▸ TASK STATEMENT
Print the records below exactly. Omit every picture.

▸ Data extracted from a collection
----
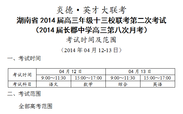 下一篇:炎德英才大聯(lián)考長(zhǎng)郡中學(xué)2014屆高三第一次模擬(第9次月考)考試時(shí)間和范圍(2014.05.0
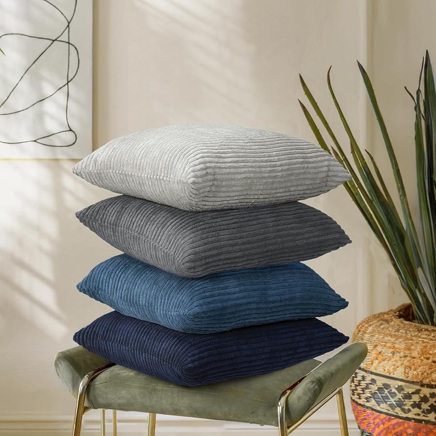 - Set of 4 decorative pillowcases, pillow filler included. The material is made of soft and skin-friendly corduroy, tightly sewn very environmentally friendly, durable and odourless, ideal for children and pets.
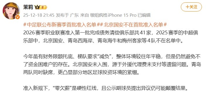 直播吧12月18日讯 中国足球职业联赛联合会公示了2026赛季职业联赛准入第一批完成债务清偿的俱乐部名单,中超俱乐部中,北京国安、青岛西海岸、青岛海牛和梅州客家等4队不在名单中。记者发文透露国安未入围源于外援代理费未支付等遗留问题。
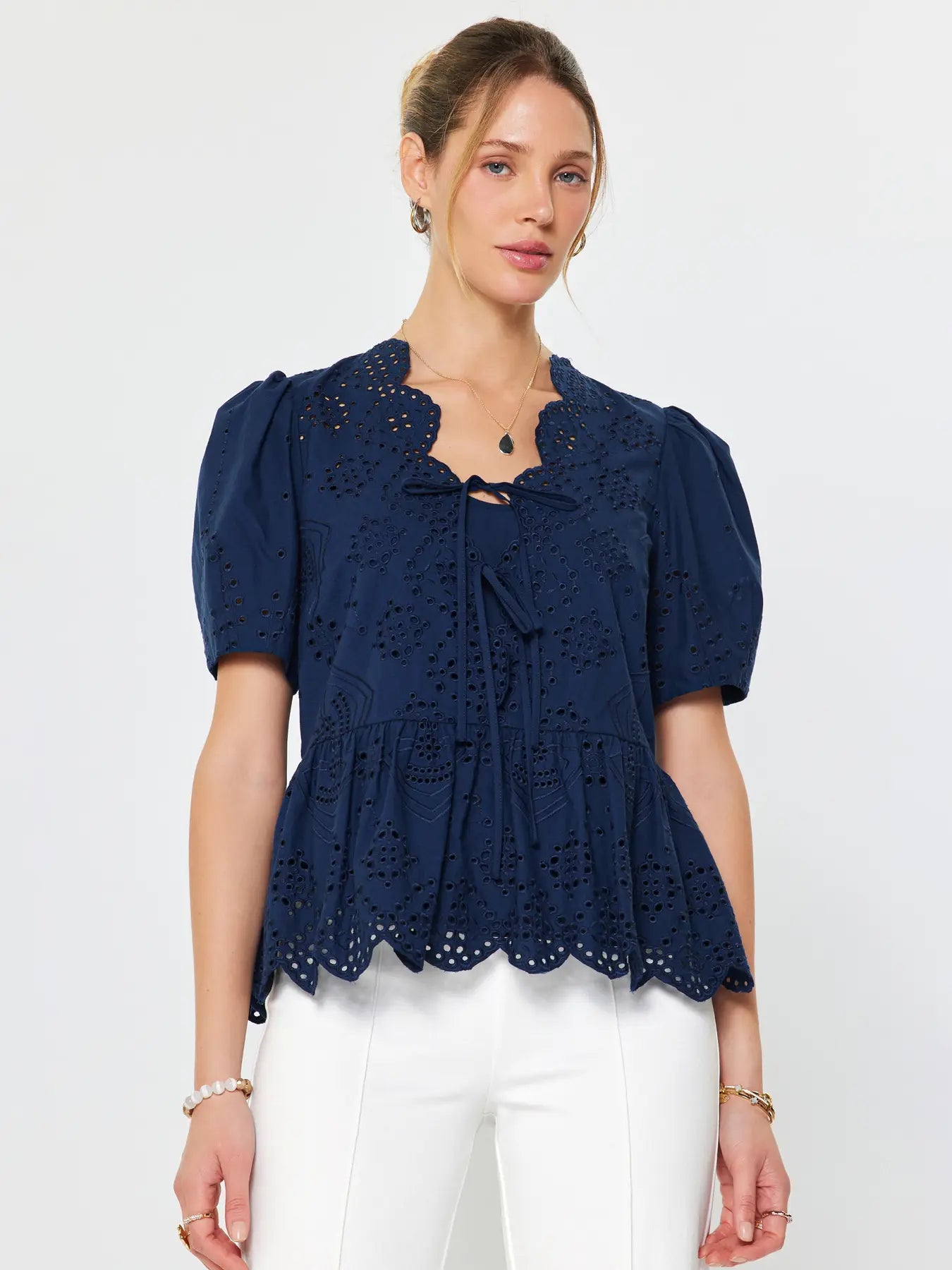 Ellie Embroidered Cotton Top | White
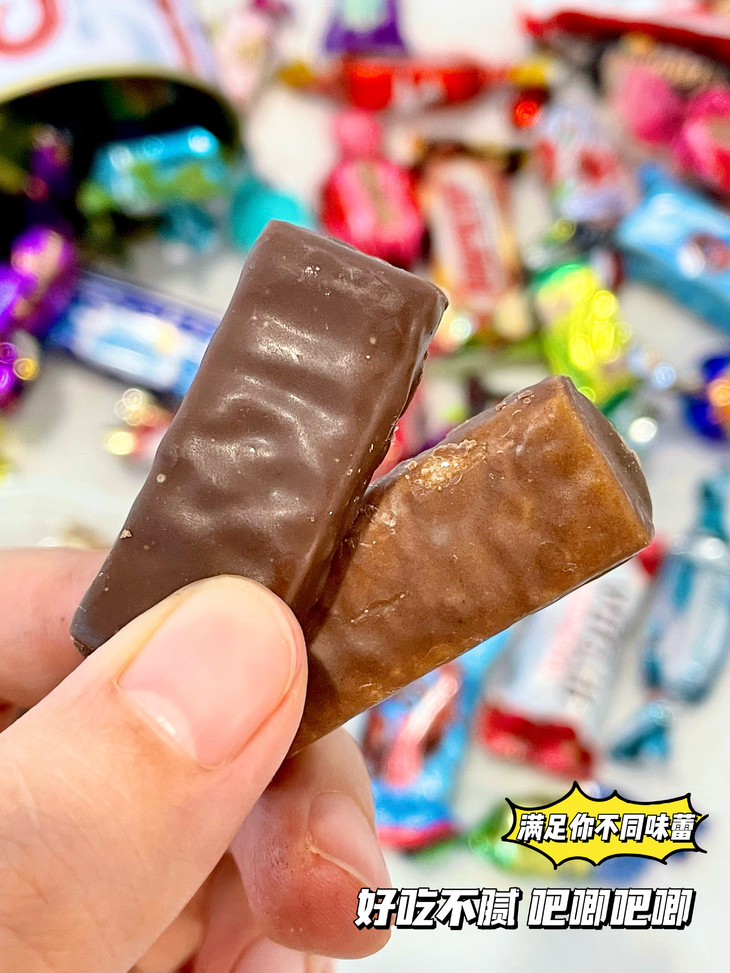 不一样的巧克力🍫 巧克力外皮+夹心,内外不统一的口感 在嘴巴里不断碰撞,要多好吃有多好吃~ 外皮巧克力吃起来完全不腻,脆脆的 和夹心的口感融合得恰到好处😍 提升幸福感的糖果😋 无敌好吃🥳
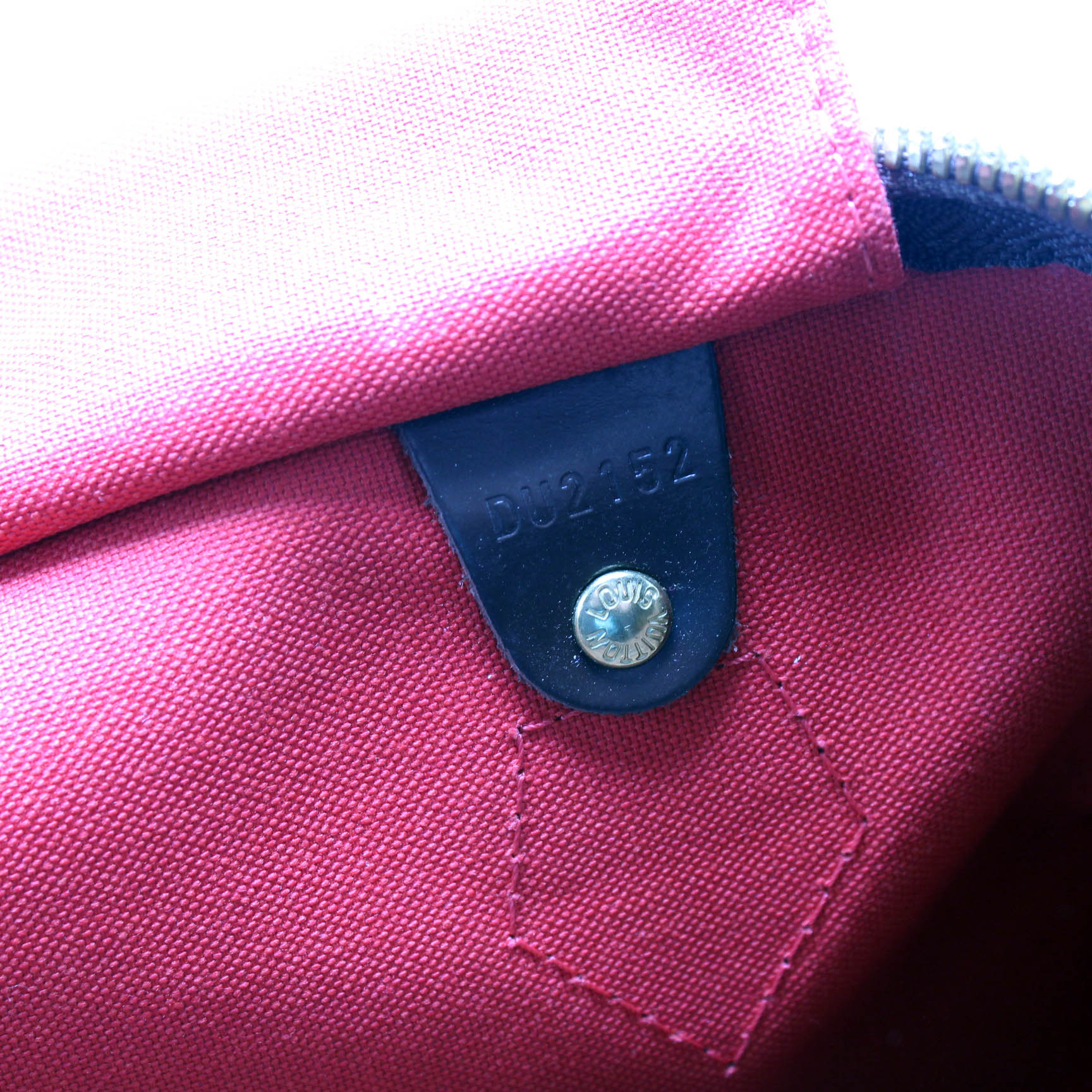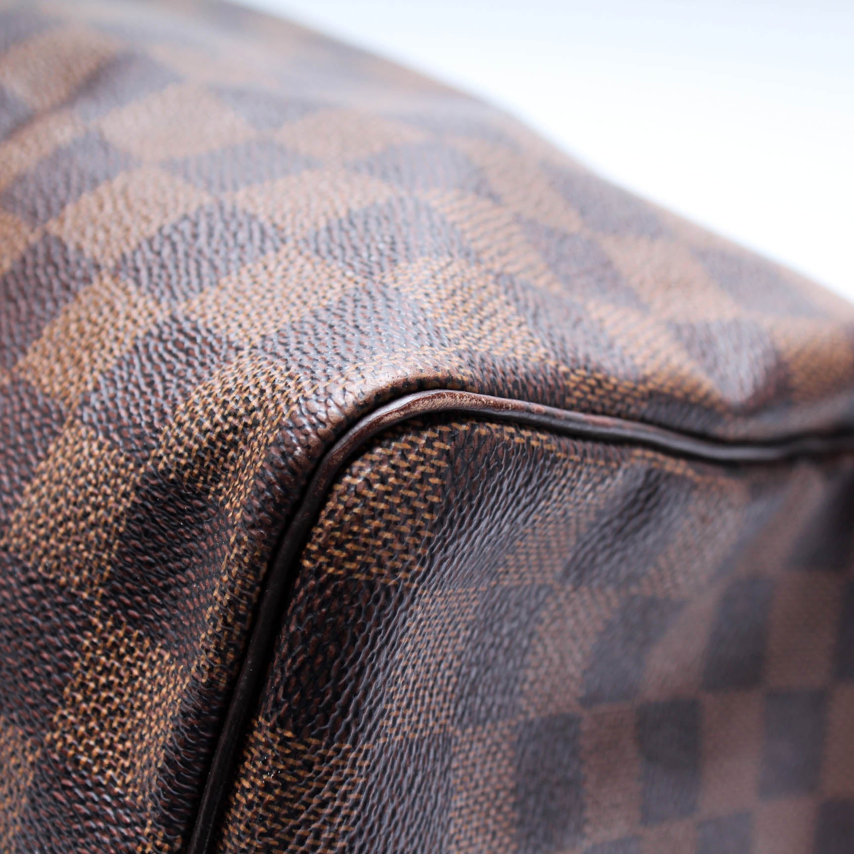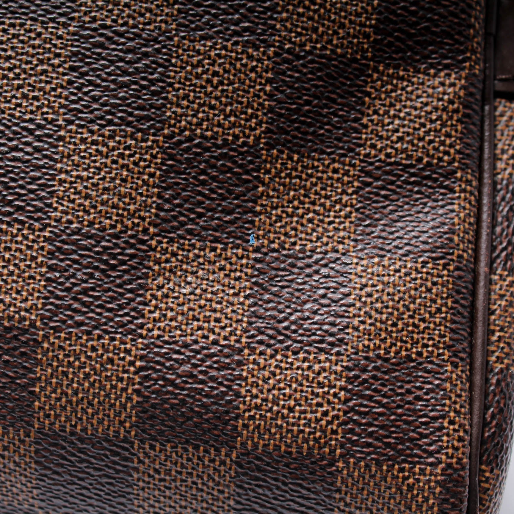 Exterior: The exterior canvas is free of any cracking, there are light marks throughout. The corners show heavy rubbing. The leather trim shows minor wear throughout.
----
▸ EXERCISE RESULT
 下一篇:炎德英才大聯(lián)考長(zhǎng)郡中學(xué)2014屆高三第一次模擬(第9次月考)考試時(shí)間和范圍(2014.05.0
 - Set of 4 decorative pillowcases, pillow filler included. The material is made of soft and skin-friendly corduroy, tightly sewn very environmentally friendly, durable and odourless, ideal for children and pets.
 直播吧12月18日讯 中国足球职业联赛联合会公示了2026赛季职业联赛准入第一批完成债务清偿的俱乐部名单,中超俱乐部中,北京国安、青岛西海岸、青岛海牛和梅州客家等4队不在名单中。记者发文透露国安未入围源于外援代理费未支付等遗留问题。
 Ellie Embroidered Cotton Top | White
 不一样的巧克力🍫 巧克力外皮+夹心,内外不统一的口感 在嘴巴里不断碰撞,要多好吃有多好吃~ 外皮巧克力吃起来完全不腻,脆脆的 和夹心的口感融合得恰到好处😍 提升幸福感的糖果😋 无敌好吃🥳
 Exterior: The exterior canvas is free of any cracking, there are light marks throughout. The corners show heavy rubbing. The leather trim shows minor wear throughout.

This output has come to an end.